Weltweiter Absatz von iPhones Q3/2007 bis Q4 2016

Weltweiter Absatz von iPhones

Das iPhone ist das wichtigste Apple-Produkt. Seit der Markteinführung hat es einen Absatzrekord nach dem anderen gesprengt. Bis zum zweiten Quartal 2016. Zum ersten Mal überhaupt waren die Zahlen rückläufig. Das iPhone 7, das zuletzt herausgebracht wurde, brachte keine Besserung. Durch den Rückgang der Verkaufszahlen seines wichtigsten Produkts machte der erfolgsverwöhnte Konzern viele Negativschlagzeilen. Alle Hoffnungen liegen auf dem neuen Modell, das im September vorgestellt werden soll.

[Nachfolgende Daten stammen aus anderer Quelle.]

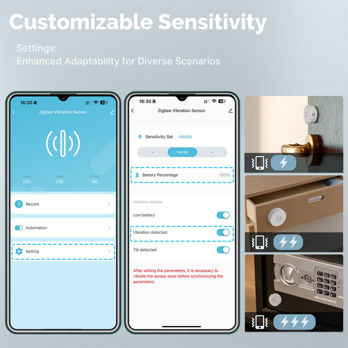 3. Remote Alerts via App: Provides real-time push notifications for vibration or tilt activity, enhancing home monitoring.
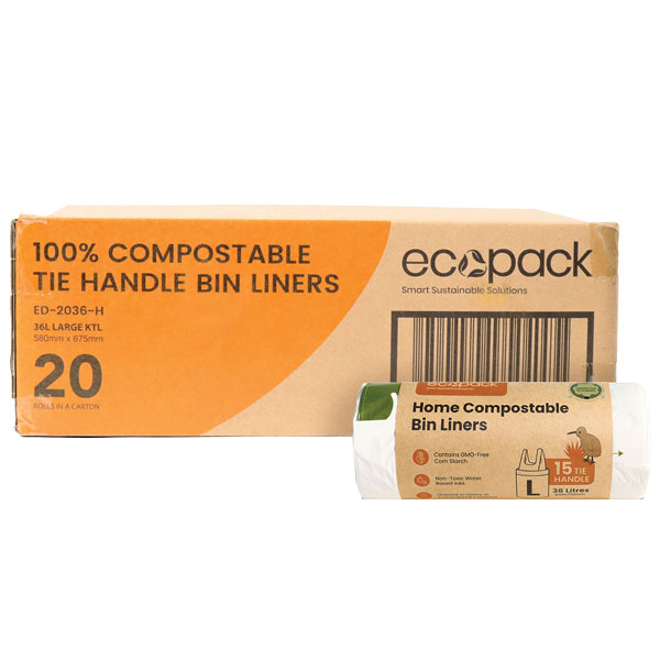 ECOPACK BIN LINERS KITCHEN COMPOSTABLE 36L ROLL 15
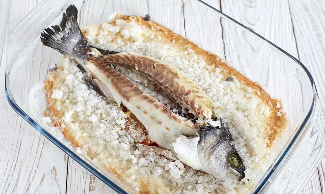 Pečemo 35 minut. Slano skorjo previdno razlomimo in zavržemo. Brancinu olupimo kožo in postrežemo.
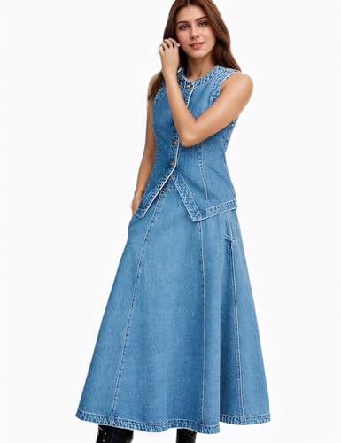• Stylish & Functional Design: Featuring a button-down closure, round neckline, sleeveless, and front slit, this sleeveless denim waistcoat offers a regular fit that flatters every body type. The classic design highlights your waistline, making it a timeless piece for your wardrobe
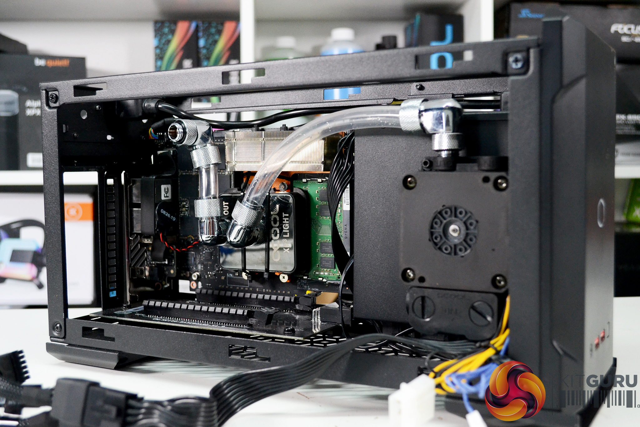 With the radiator installed, the rest of the system is piped up ready for filling, everything seems to fit inside the case well. Surprisingly, it wasn’t as difficult as expected to connect up the tubing, the extra space inside the chassis created by removing the NUC 9 Extreme Compute Element fan shroud, the stock GPU cooler as well as using flexible soft tubing was a real bonus.
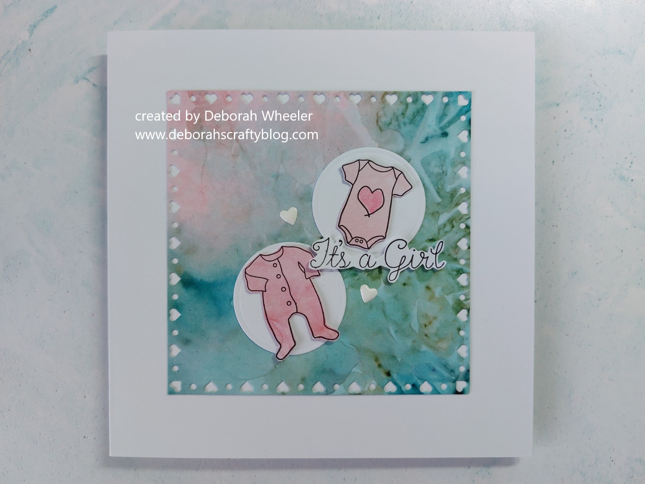 I started with one of the new doodle heart panel dies, cut a square of Antarctica designer paper with it adn attached it to a 6×6 card blank. I found another offcut of the paper that was mainly pinks, part stamped the baby clothes on the washing line onto it and fussy cut the babygro and vest, adding shade to the heart with a Pergaliner pencil.
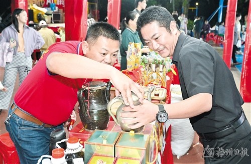 据梅州市渊源客家酒业的负责人沈文育介绍,纯娘酒和黑豆姜娘酒最为畅销,在活动现场,一斤娘酒比平时要便宜3元,加上现在忽冷忽热的天气,正是喝客家娘酒的好时节,很多市民都乐意购买,活动期间,每天都能卖出十几桶娘酒。除了普通的娘酒,一些高品质的黄酒也为市民游客所喜爱,“现在大家生活水平都提高了,比起传统的娘酒,口感好、营养丰富的老黄酒也备受青睐。”沈文育说。

iPhone Marktanteil am weltweiten Smartphone-Absatz

iPhone-Marktanteil am weltweiten Smartphone-Absatz

Mit dem iPhone 4S hat Apple seinen höchsten Marktanteil am Smartphone-Absatz erreicht. Von dem damaligen 23 Prozent kann der Konzern momentan nur träumen. Bis Ende 2016 musste er gute zehn Prozent einbüßen.

Apple-Aktie in den vergangenen zehn Jahren: Kursverlauf am Börsenplatz Nasdaq für den Zeitraum 10 Jahre

Apple-Aktie in den vergangenen zehn Jahren

Eine direkte Verbindung zwischen der Einführung eines neuen iPhones und dem Kurs der Apple-Aktie ist nicht auszumachen. Auffällig ist aber, dass der Kurs seit 2007 insgesamt sehr stark gestiegen ist. Kein Wunder, wenn die wichtigste Sparte des Konzerns so gut läuft.